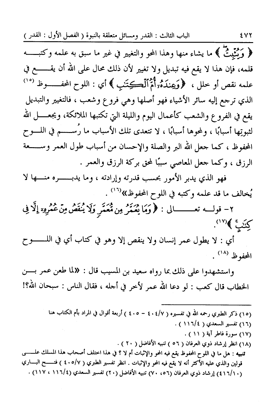 تنبيه: هل ما في اللوح المحفوظ يقع فيه المحو والإثبات أم لا؟ في هذا اختلف أصحاب هذا المسلك على قولين والذى عليه الأكثر أنه لا يقع فيه المحو والإثبات. انظر تفسير الطبري (٧/ ٤٠٥) فتح البارى (١٠/ ٤١٦) إرشاد ذوى العرفان (٥٦، ٧٠) تنبيه الأفاضل (٢٠) تفسير السعدي (٤/ ١١٦، ١١٧).
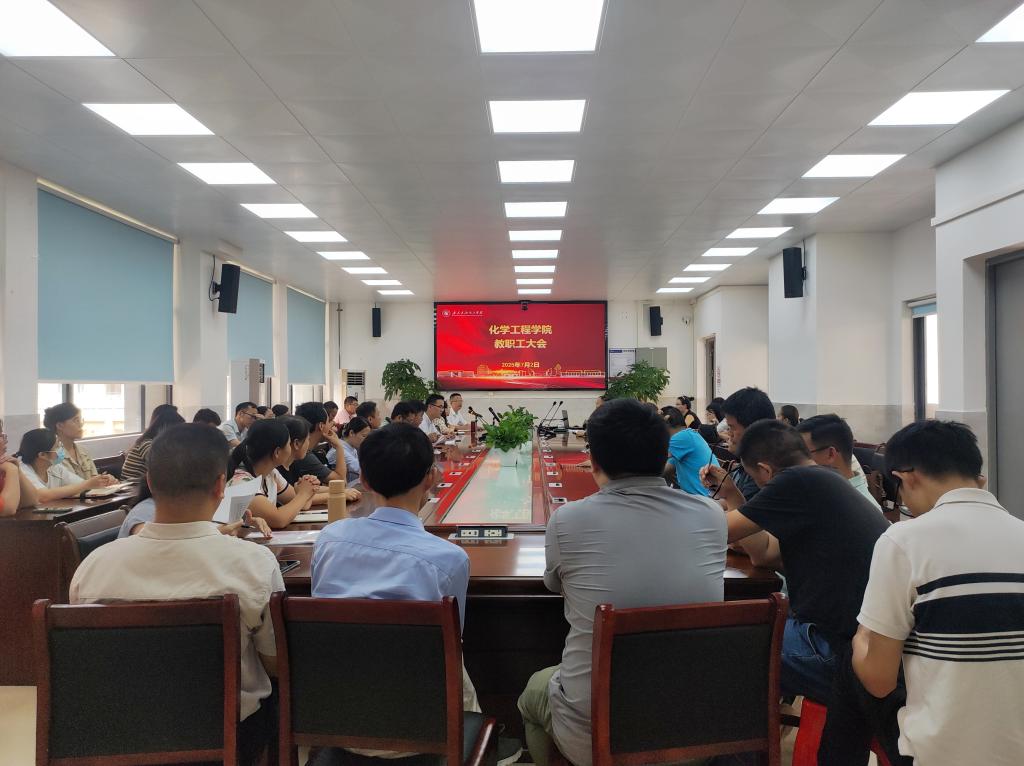 化学工程学院于7月2日下午在化工楼C203召开了2025年春季学期期末教职工大会。本次会议由化学工程学院院长余长林主持,院领导班子成员及全体教职工参加。会议总结了本学期教学、科研、学生工作等各方面情况,对暑期及下学期工作进行了规划部署。
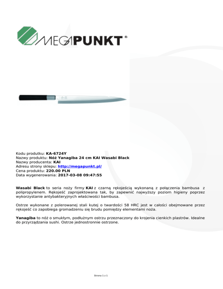 Kodu produtku: KA-6724Y Nazwy produktu: Nóż Yanagiba 24 cm KAI Wasabi Black Nazwy producenta: KAI Adresu strony sklepu: http://megapunkt.pl/ Cena produktu: 220.00 PLN Data wygenerowania: 2017-03-08 09:47:55 Wasabi Black to seria noży firmy KAI z czarną rękojeścią wykonaną z połączenia bambusa z polipropylenem. Rękojeść zaprojektowana tak, by zapewnić najwyższy poziom higieny poprzez wykorzystanie antybakteryjnych właściwości bambusa. Ostrze wykonane z polerowanej stali kutej o twardości 58 HRC jest w całości obejmowane przez rękojeść co zapobiega gromadzeniu się brudu pomiędzy elementami noża. Yanagiba to nóż o smukłym, podłużnym ostrzu przeznaczony do krojenia cienkich plastrów. Idealne do przyrządzania sushi. Ostrze jednostronnie ostrzone. Strona 1 z 1
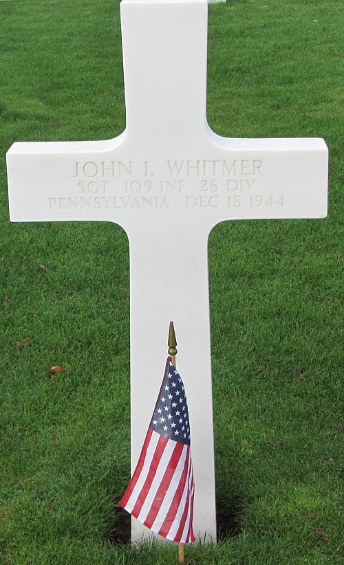 Sgt John I. Whitmer enlisted in Erie, Pennsylvania on 1 April 1943 and was sent overseas in October 1943.Source of information: Peter Schouteten, www.abmc.gov, www.wwiimemorial.com, www.archives.gov - WWII Enlistment Record, www.ancestry.com - Headstone and Interment Record / U.S. WWII Draft Cards Young Men / 1940 Census, www.findagrave.com
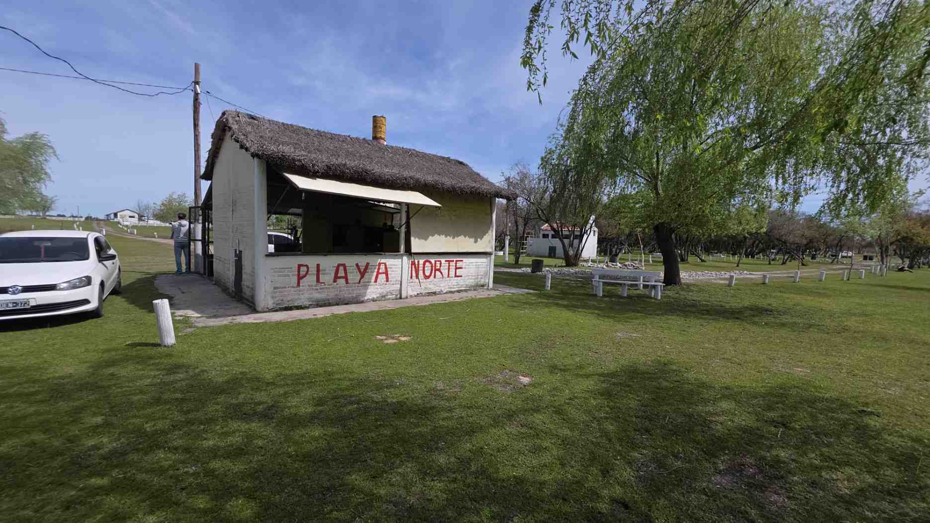 Tiene 350 mtrs de costa, divida en zona de pescadores y playa habilitada con guardavidas para la recreación y el disfrute. En su ingreso veremos una construcción de 100 m2 cubiertos que oficia de casa de caseros y portería sobre un camino firme que da acceso al Balneario Camping, siguiendo por una hermosa arboleda, parrillas, mesas, espacio para casas rodantes, carpas, vestuarios con duchas y baños cancha de fútbol y cancha de Voley.
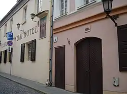 На соседнем доме (Gaono g. 3), часть которого занимает магазин обуви, висит таблица с планом вильнюсских гетто и мемориальная доска, отмечающая место, где в 1941 году были ворота «Малого гетто». Этот дом принадлежал виленскому почтамту.
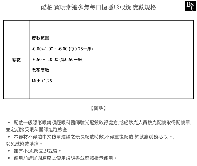【請詳閱度數範圍】
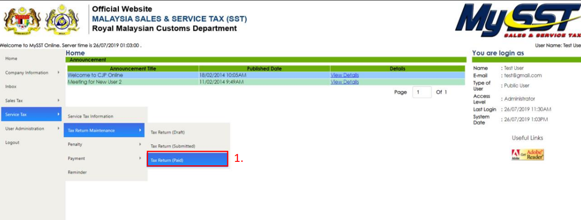 Click “Tax Return(Paid)” sub menu to view list Service Tax Return (Paid)

__ACTION ITEM__
A word-for-word reprint of the listing above is needed, minus the pictures.

__ANSWER TO THIS PROBLEM__
 تنبيه: هل ما في اللوح المحفوظ يقع فيه المحو والإثبات أم لا؟ في هذا اختلف أصحاب هذا المسلك على قولين والذى عليه الأكثر أنه لا يقع فيه المحو والإثبات. انظر تفسير الطبري (٧/ ٤٠٥) فتح البارى (١٠/ ٤١٦) إرشاد ذوى العرفان (٥٦، ٧٠) تنبيه الأفاضل (٢٠) تفسير السعدي (٤/ ١١٦، ١١٧).
 化学工程学院于7月2日下午在化工楼C203召开了2025年春季学期期末教职工大会。本次会议由化学工程学院院长余长林主持,院领导班子成员及全体教职工参加。会议总结了本学期教学、科研、学生工作等各方面情况,对暑期及下学期工作进行了规划部署。
 Kodu produtku: KA-6724Y Nazwy produktu: Nóż Yanagiba 24 cm KAI Wasabi Black Nazwy producenta: KAI Adresu strony sklepu: http://megapunkt.pl/ Cena produktu: 220.00 PLN Data wygenerowania: 2017-03-08 09:47:55 Wasabi Black to seria noży firmy KAI z czarną rękojeścią wykonaną z połączenia bambusa z polipropylenem. Rękojeść zaprojektowana tak, by zapewnić najwyższy poziom higieny poprzez wykorzystanie antybakteryjnych właściwości bambusa. Ostrze wykonane z polerowanej stali kutej o twardości 58 HRC jest w całości obejmowane przez rękojeść co zapobiega gromadzeniu się brudu pomiędzy elementami noża. Yanagiba to nóż o smukłym, podłużnym ostrzu przeznaczony do krojenia cienkich plastrów. Idealne do przyrządzania sushi. Ostrze jednostronnie ostrzone. Strona 1 z 1
 Sgt John I. Whitmer enlisted in Erie, Pennsylvania on 1 April 1943 and was sent overseas in October 1943.Source of information: Peter Schouteten, www.abmc.gov, www.wwiimemorial.com, www.archives.gov - WWII Enlistment Record, www.ancestry.com - Headstone and Interment Record / U.S. WWII Draft Cards Young Men / 1940 Census, www.findagrave.com
 Tiene 350 mtrs de costa, divida en zona de pescadores y playa habilitada con guardavidas para la recreación y el disfrute. En su ingreso veremos una construcción de 100 m2 cubiertos que oficia de casa de caseros y portería sobre un camino firme que da acceso al Balneario Camping, siguiendo por una hermosa arboleda, parrillas, mesas, espacio para casas rodantes, carpas, vestuarios con duchas y baños cancha de fútbol y cancha de Voley.
 На соседнем доме (Gaono g. 3), часть которого занимает магазин обуви, висит таблица с планом вильнюсских гетто и мемориальная доска, отмечающая место, где в 1941 году были ворота «Малого гетто». Этот дом принадлежал виленскому почтамту.
【請詳閱度數範圍】
 Click “Tax Return(Paid)” sub menu to view list Service Tax Return (Paid)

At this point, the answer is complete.